Walmart has bequeathed what could be a valuable gift to enterprises by making its OneOps platform for cloud and application lifecycle management available as open source software under the Apache 2.0 license. OneOps can make cloud lock-in a thing of the past for customers, the company said in a blog post on the announcement:
OneOps has four main benefits:
1) Cloud portability enables developers to seamlessly move applications, databases or entire cloud environments from one cloud provider to another. They’re able to “cloud shop” and take advantage of better technology or lower costs;
2) Continuous lifecycle management of the application means once a developer launches an application, OneOps continuously “auto-pilots” the app, scaling and repairing the app when unforeseen changes occur;
3) Faster innovation empowers engineers to spin up a new environment to host their app in a matter of minutes, without having to spend hours specifying the intricacies of a specific cloud environment. OneOps models all of that for them; and
4) Greater abstraction of cloud environments puts the control back into the hands of developers, instead of cloud providers, who often dictate the proprietary APIs, architecture, tools and technologies developers have to use.

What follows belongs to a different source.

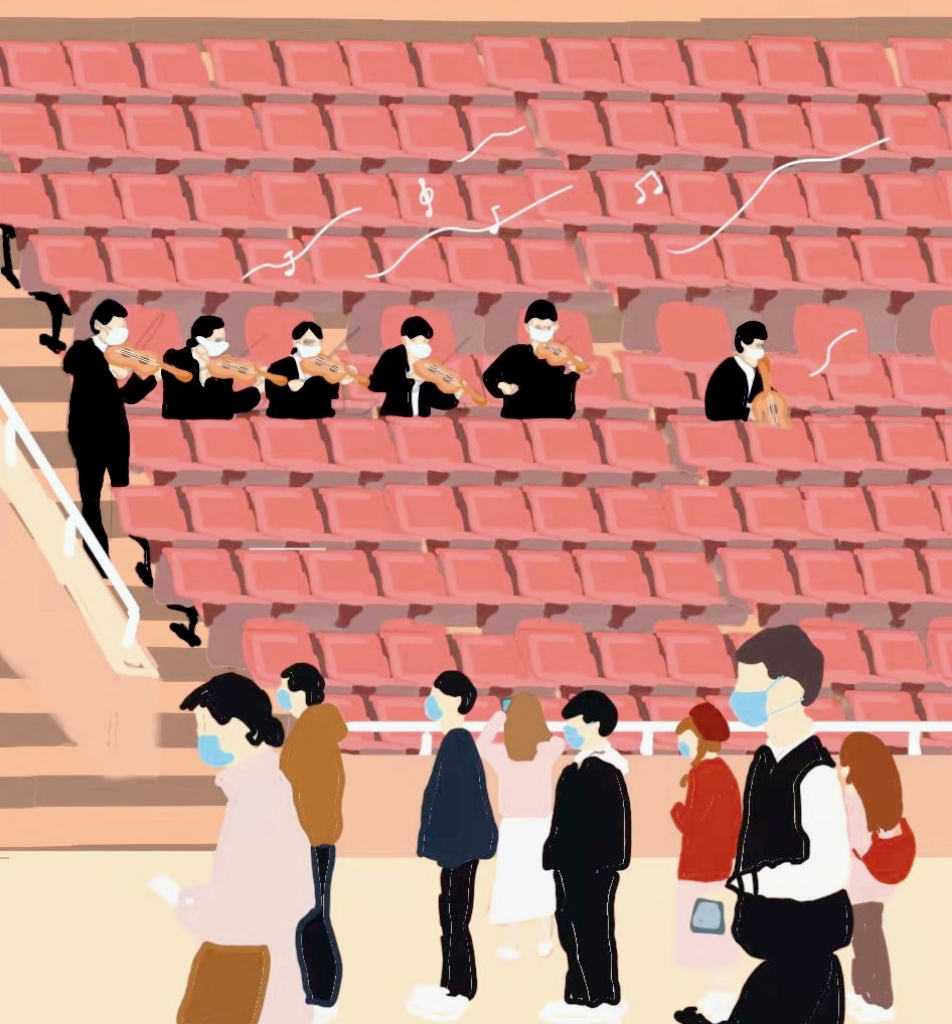 作品灵感来源于上海海事大学党员拉小提琴为同学“驱赶”检测核酸排队时的烦躁。表达了1、党员干部积极作为2、人性化管理与关怀3、员工积极向上的心态

We’re enabling any organization to achieve the same cloud portability and developer benefits that Walmart has enjoyed. And by eliminating the barriers that cloud hosting providers have erected, OneOps will drive them to compete based on price, customer service and innovation. It’s a winning scenario for all dev-centric organizations.
Analysis: OneOps Is One for Enterprises to Watch
As with any open source project, Walmart itself stands to benefit from additional development resources and community contributions back to the code, but OneOps is already fairly mature—not to mention apparently capable of handling the cloud management needs of the world's largest employer. Although Walmart's announcement described OneOps as a homegrown solution, it got a head start by acquiring a startup of the same name in 2013.
Meanwhile, some coverage of the OneOps announcement framed Walmart's move as a strike against rival Amazon, with the argument being OneOps could help customers move workloads more easily away from Amazon Web Services.
While that connection seems a bit tenuous, the open-source availability of a platform like OneOps should certainly be welcome to companies keen on making the most of the ongoing price war in IaaS.